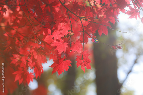 Red leaves of Korea maple. Natural autumn background. Bright maple tree.
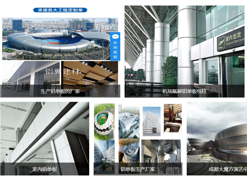 | 用途 | 建筑内外墙、吊顶、门头、雨棚、广告牌、异形吊顶、大堂门面、电梯、柱饰、高架走廊、人行天桥 |
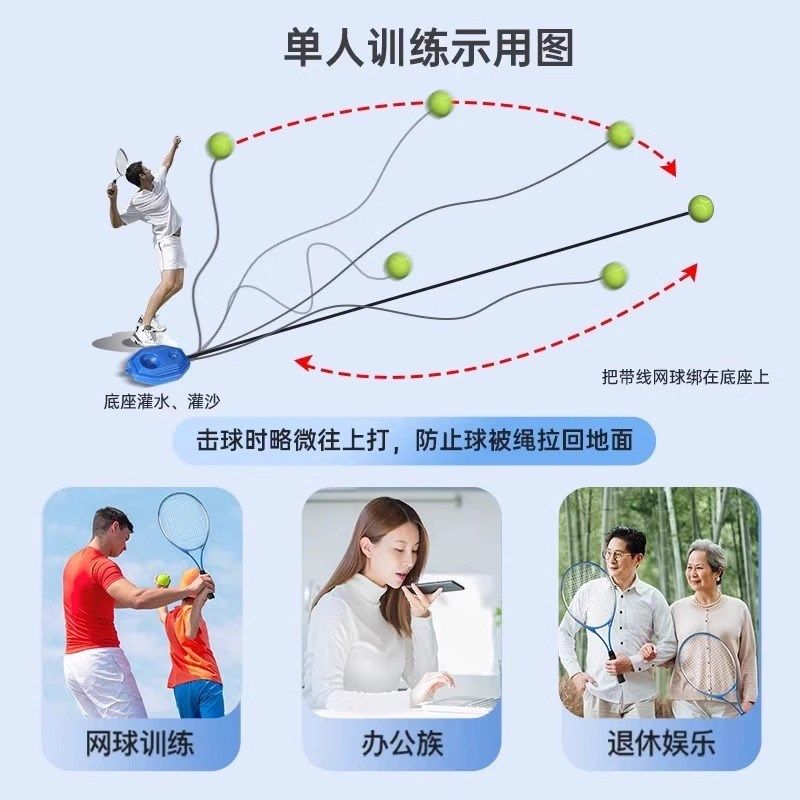 网球训练器自动回弹带线网球拍单人自练器成人健身器材可固定底座
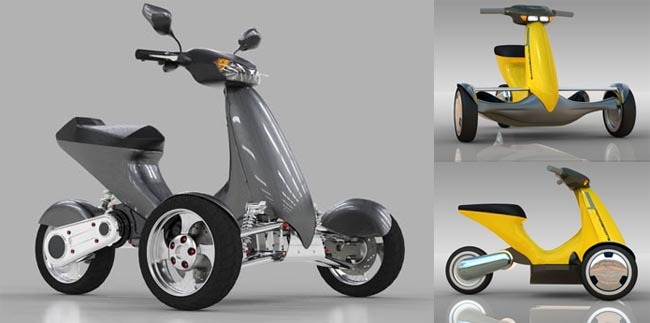 La idea podríamos decir que es muy parecida al Piaggio MP3, pero con un mayor ancho de vía que permite inclinar más que el triciclo de Piaggio, con lo que parece que da muchas más opciones a la hora de "hacer el burro" ya sea sobre hielo, tierra o arena. Fijándonos con detenimiento en el vídeo me parece que alguno de los prototipos que vemos va propulsado por un motor de explosión. Motor que tiene toda la pinta de haber salido de un scooter de pequeña cilindrada. Pero de manera muy hábil, en esas imágenes no oímos el sonido ambiente. A cambio las últimas versiones ya parecen ir propulsadas por un motor eléctrico insertado dentro de la rueda trasera.
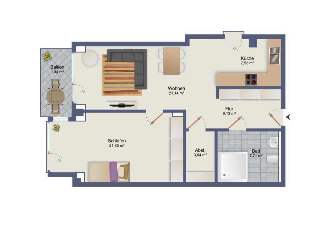 In der kleinen und dennoch geräumigen Wohnung im Obergeschoss trifft „Ursprüngliches auf Neues“. Teilweise hohe Raumdecken geben der Wohnung ihren besonderen Charme. Geniessen Sie im Sommer auf dem Balkon die aufgehende Sonne. Die Wohnung verfügt selbstverständlich über ein barrierefreies, großes Bad mit bodengleicher Dusche. Der im Objekt vorhandene Fahrstuhl fährt Sie bequem vom Obergeschoss ins Kellergeschoss zu Ihrem Mieterkeller oder dem gemeinsamen Waschkeller. Wohn- und Kochbereich sind offen gestaltet.

Activity: The copy should hold exactly the lines above from the one with "用途 | 建筑内外墙、吊顶、门头、雨棚、广告牌、异形吊顶、大堂门面、电梯、柱饰、高架走廊、人行天桥 |" through the one with "网球训练器自动回弹带线网球拍单人自练器成人健身器材可固定底座", both ends counted, and no pictures at all.

Output:
 | 用途 | 建筑内外墙、吊顶、门头、雨棚、广告牌、异形吊顶、大堂门面、电梯、柱饰、高架走廊、人行天桥 |
 网球训练器自动回弹带线网球拍单人自练器成人健身器材可固定底座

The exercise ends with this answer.